But I do want to clarify something. This post should have gone out on Wednesday, but it will probably go live on Sunday instead, and there is a reason for this.
Partly, I am disorganised as hell. But partly, I have been struggling to explain why this song is queer or even romantic in nature. It is, and I will defend my opinion on that, but my excuse for it being that is… look at it, it’s so obviously romantic.
I think my answer is linked to my conclusion about this song as a whole. This is a romantic song because the entire musical has been about the romance between Elphaba and Glinda, so it carries over that weight. This song is queer because that relationship was queer. All this song does is amplify what you take into it, and that’s a weirdly empty description for something so powerful.
But I guess, in a way, that’s how stories operate as a whole. You only get out of them what you are willing to put in. If you engage with a character, and you pour your heart into that character, you will probably be rewarded tenfold.
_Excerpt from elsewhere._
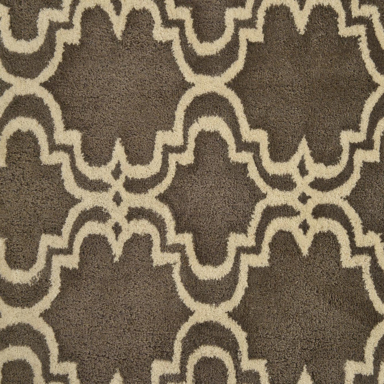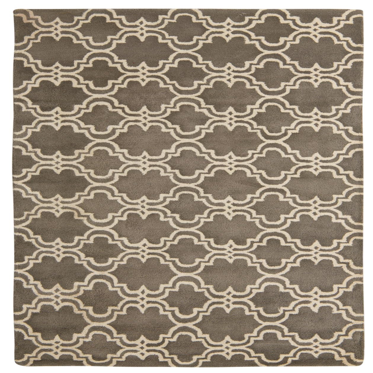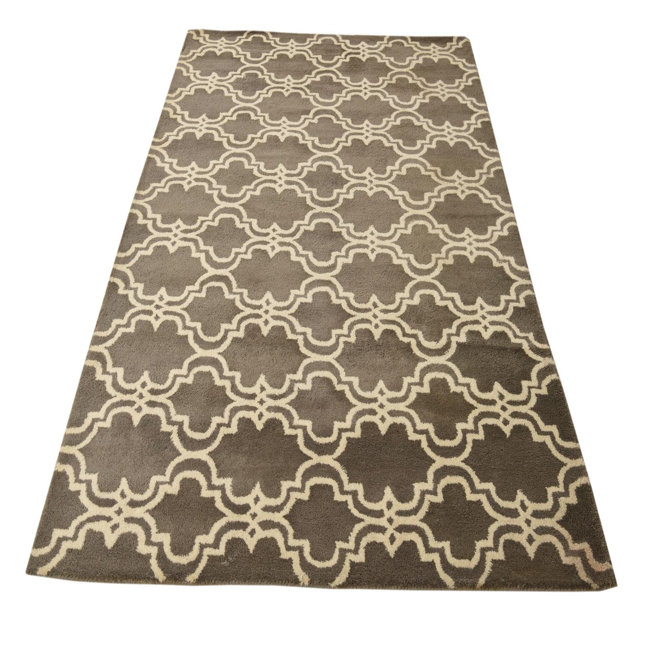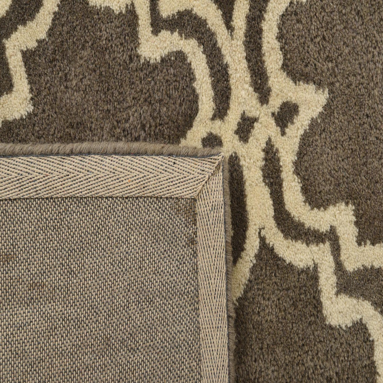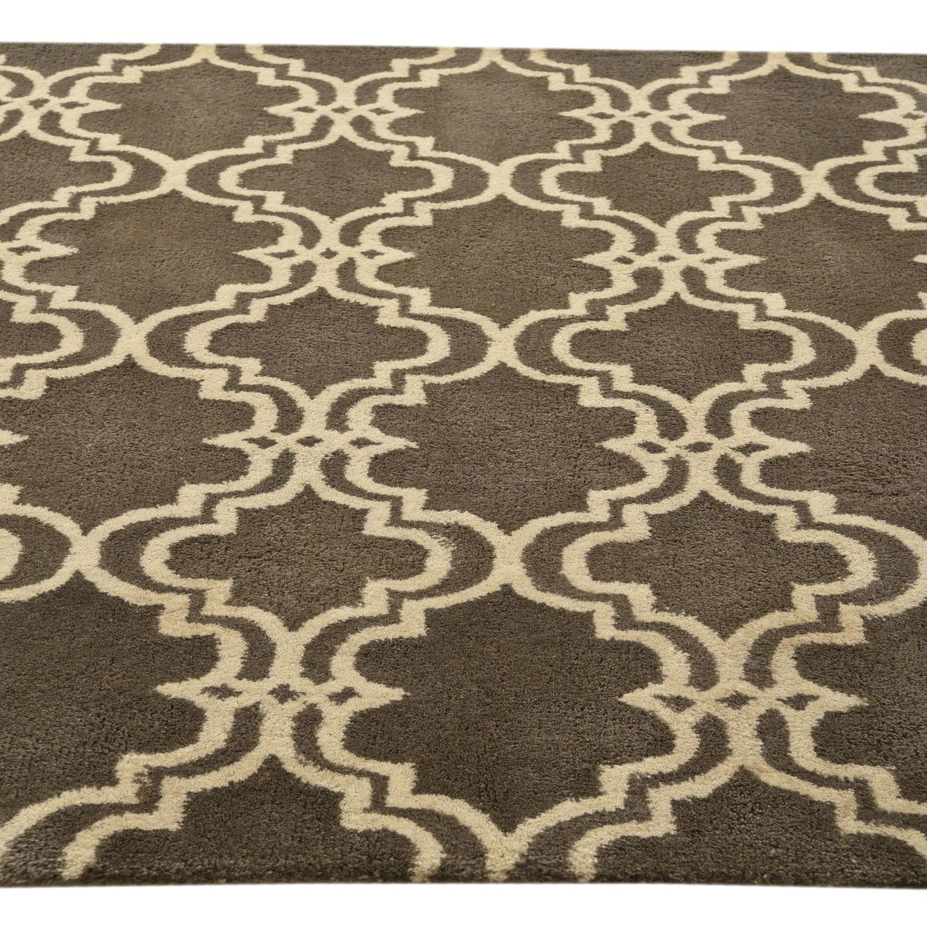 The Luna Collection rug is a sophisticated choice for those looking to add a touch of understated elegance to their space. Hand-tufted from a blend of wool and cotton, this 5x8 rug offers a durable yet plush feel underfoot. The rug showcases a repetitive geometric pattern featuring interconnected trellis designs in ivory set against a tranquil gray background.

But that takes a mixture of good craft, the right story (because no story is for everyone), and a great deal of vulnerability on the part of you. Emotions can hurt, and to engage with a story, you have to be willing to let yourself feel that. But the risk is well worth the reward, at least with Wicked.
Next week, I will be giving my final thoughts on the musical as a whole, and trying to make a coherent point out of my own, incomprehensible ramblings.
So stick around if that interests you.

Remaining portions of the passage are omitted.